Run the code below to import the new modified data frame, then fit a complete model with **ALL interaction and quadratic** terms (it is not uncommon to add all interaction terms, but you usually wouldn't add all quadratic terms like this unless you had a good reason; we're just doing it here for the sake of the exercise).
```{r}
mtcars2 = as_tibble(read.csv( # first use base R read.csv, then convert to tibblex
row.names = 1, # row.names=1 means treat first column as row names
text = ",mpg,cyl,disp,hp # text='....' means use this string of text as the data
Mazda RX4,14.8,6,160,110
Mazda RX4 Wag,14.8,6,160,110
Datsun 710,14.5,4,108,93
Hornet 4 Drive,21.4,6,258,110
Hornet Sportabout,28.1,8,360,175
Valiant,15.7,6,225,105
Duster 360,23.7,8,360,245
Merc 240D,17.6,4,147,62
Merc 230,15.8,4,141,95
Merc 280,13.4,6,168,123
Merc 280C,12,6,168,123
Merc 450SE,17.8,8,276,180
Merc 450SL,18.7,8,276,180
Merc 450SLC,16.6,8,276,180
Cadillac Fleetwood,33.8,8,472,205
Lincoln Continental,32.1,8,460,215
Chrysler Imperial,33.7,8,440,230
Fiat 128,23.3,4,78.7,66
Honda Civic,21.3,4,75.7,52
Toyota Corolla,24.7,4,71.1,65
Toyota Corona,13.7,4,120,97
Dodge Challenger,20.7,8,318,150
AMC Javelin,19.1,8,304,150
Camaro Z28,21.7,8,350,245
Pontiac Firebird,33.2,8,400,175
Fiat X1-9,18.2,4,79,66
Porsche 914-2,18.2,4,120,91
Lotus Europa,21.8,4,95.1,113
Ford Pantera L,24.3,8,351,264
Ferrari Dino,12.9,6,145,175
Maserati Bora,18.6,8,301,335
Volvo 142E,13.6,4,121,109"
))
```
After importing the new mtcars data, repeat **all interpretation and prediction steps** of [discussion 9](https://karlrohe.github.io/340-Spring21/discussions/09/ds09.html). Specifically, answer the following questions:
1. What are the coefficient estimates and standard errors? Give an interpretation of **one of the new terms** added in this discussion.

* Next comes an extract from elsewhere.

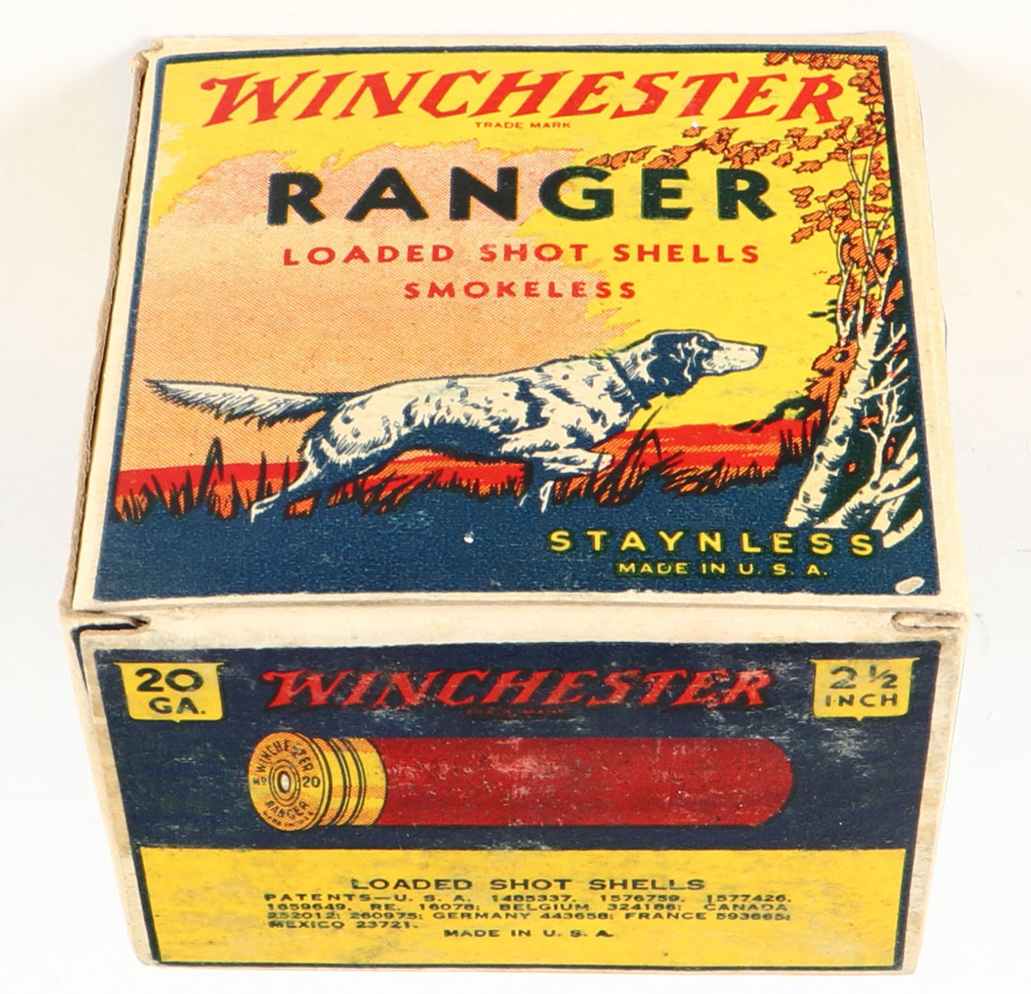 Winchester, Ranger, 20ga, 1pc., Full, shot size 7 1/2Ch, multi colored box, dog on point, shells 2 1/2'', box is very solid with excellent colors, paper shells are excellent. Grade: Excellent + - Value: 40 to 120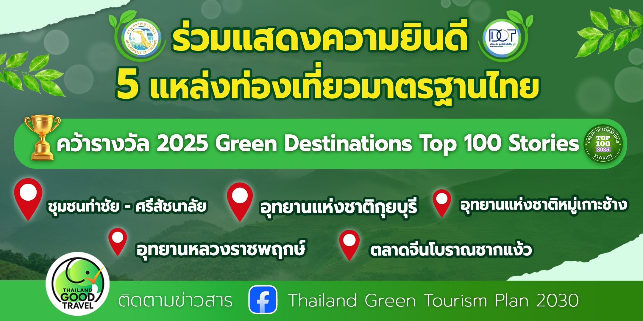 กรมการท่องเที่ยว ยินดีสุดยอด 5 แหล่งท่องเที่ยวมาตรฐานไทย สร้างชื่อบนเวทีโลก คว้ารางวัล 2025 Green Destinations Top 100 Stories

> _**REPLACE TEXT WITH RESPONSE**_
2. What are the R² and adjusted R² for this model? Give an interpretation of both.
> _**REPLACE TEXT WITH RESPONSE**_
3. Give $95\%$ confidence intervals for all coefficients. Give an interpretation of **one of the new intervals**.
> _**REPLACE TEXT WITH RESPONSE**_
4. According to the model, what mileage would I expect on average with a car that has 6 cylinders, 200 displacement, and 120 horsepower? Be careful in your calculation with the interactions and quadratic terms.
> _**REPLACE TEXT WITH RESPONSE**_
## Submission
As usual, make sure the names of everyone who worked on this with you is included in the header of this document. Then, knit this document and submit both this file and the HTML output on Canvas under Assignments ⇒ Discussion 10.